*** RECORD EXCERPTS Section Begins ***

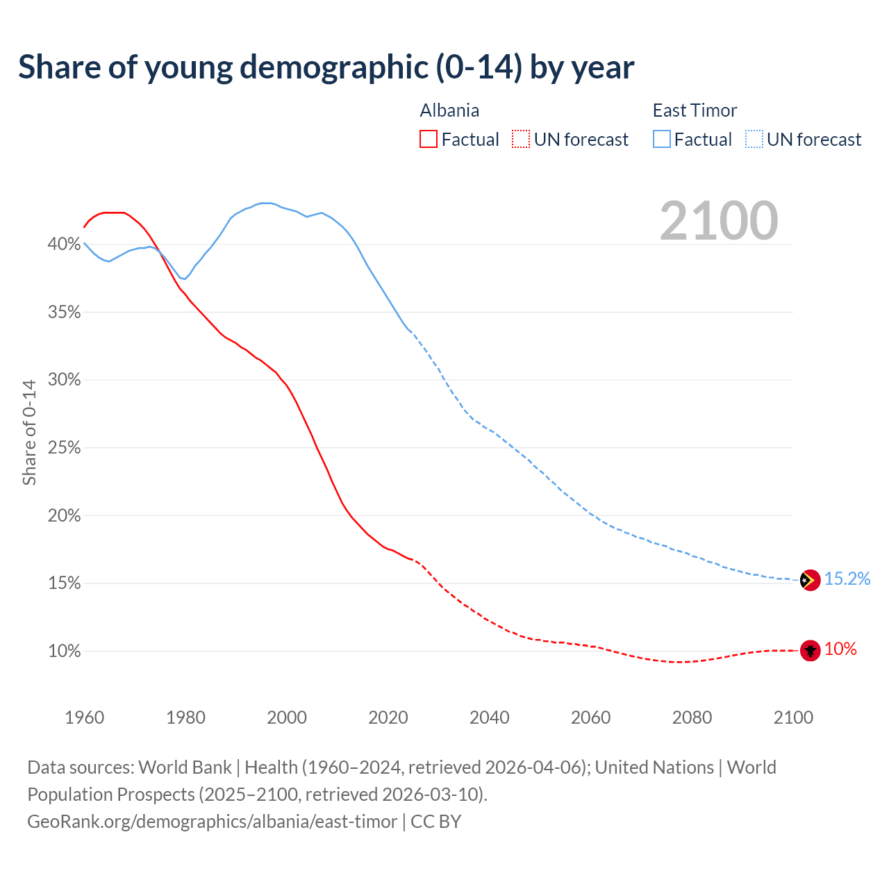 - The share of young demographic (0-15 years old) in Albania is 16.8% vs 33.7% in East Timor.
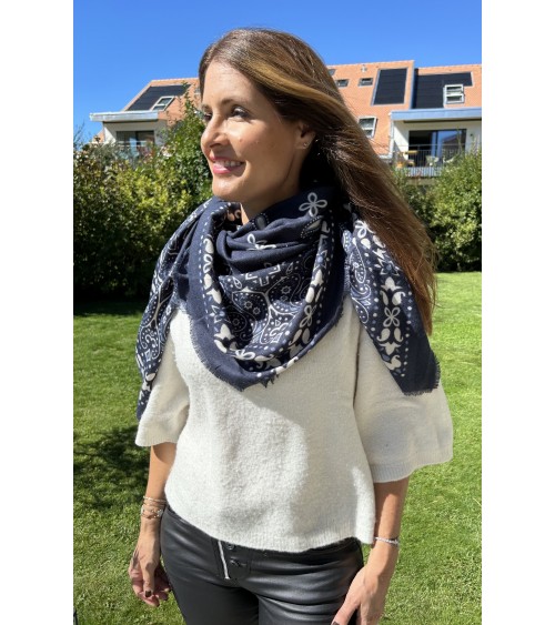 Ajouter au panier Liste de souhaits Carré bandana marine Prix 49,00 CHF Carré extrêmement doux en maille fine. Imprimé bandana, motifs bleu ciel et blanc sur fond bleu marine. Finition frangée. Existe en bleu marine...
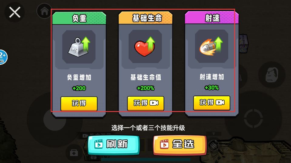 2、在技能升级界面,可选择【负重增加】【生命增加】【射速增加】技能,点击“获得”提升对应属性。
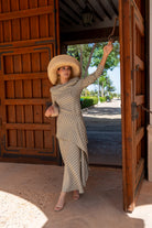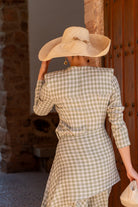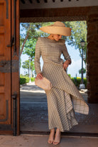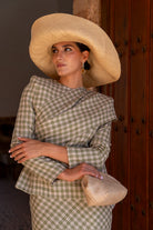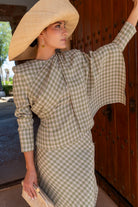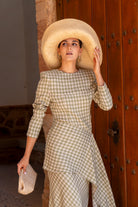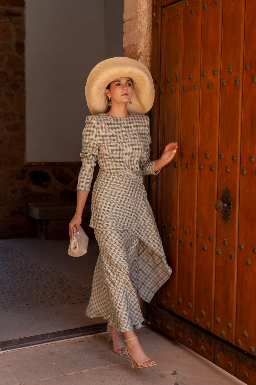 Conjunto compuesto por top escote cerrado, manga larga, entallado y drapeado asimétrico. Falda alta, corte evasé. En cuadros neutros.
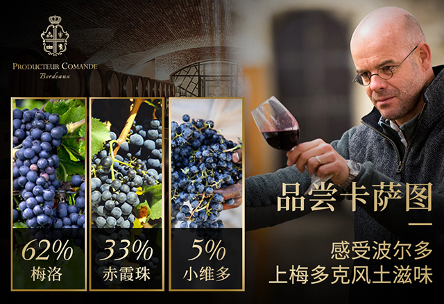 而为什么要用不同葡萄去进行混酿,也和波尔多的气候息息相关。波尔多属于温带海洋性气候,受大西洋的影响较大,天气变化多端,会在很大程度上影响葡萄的产量和质量。为了最大限度地减少不利影响,法律允许酒庄使用某些葡萄进行混酿,如果某一年某种葡萄的收成不好,可以适当降低其比例,提高其他葡萄的比例,能保持不同年份葡萄酒的稳定发挥和品质。卡萨图酒款经过Vincent Cachau无数次的尝试,找到了最适合卡萨图的黄金混酿比例:以62%梅洛为主,加入33%赤霞珠以及5%小维多,不同的葡萄品种相得益彰,甜美之中带有结构感,柔中带刚,完美融合。

*** RECORD EXCERPTS Section Ends ***

(DESCRIPTION OF THE TASK): Quote all the lines above exactly as given. Do not include the pictures.

(OUTPUT OF THE TASK):
 - The share of young demographic (0-15 years old) in Albania is 16.8% vs 33.7% in East Timor.
 Ajouter au panier Liste de souhaits Carré bandana marine Prix 49,00 CHF Carré extrêmement doux en maille fine. Imprimé bandana, motifs bleu ciel et blanc sur fond bleu marine. Finition frangée. Existe en bleu marine...
 2、在技能升级界面,可选择【负重增加】【生命增加】【射速增加】技能,点击“获得”提升对应属性。
 Conjunto compuesto por top escote cerrado, manga larga, entallado y drapeado asimétrico. Falda alta, corte evasé. En cuadros neutros.
 而为什么要用不同葡萄去进行混酿,也和波尔多的气候息息相关。波尔多属于温带海洋性气候,受大西洋的影响较大,天气变化多端,会在很大程度上影响葡萄的产量和质量。为了最大限度地减少不利影响,法律允许酒庄使用某些葡萄进行混酿,如果某一年某种葡萄的收成不好,可以适当降低其比例,提高其他葡萄的比例,能保持不同年份葡萄酒的稳定发挥和品质。卡萨图酒款经过Vincent Cachau无数次的尝试,找到了最适合卡萨图的黄金混酿比例:以62%梅洛为主,加入33%赤霞珠以及5%小维多,不同的葡萄品种相得益彰,甜美之中带有结构感,柔中带刚,完美融合。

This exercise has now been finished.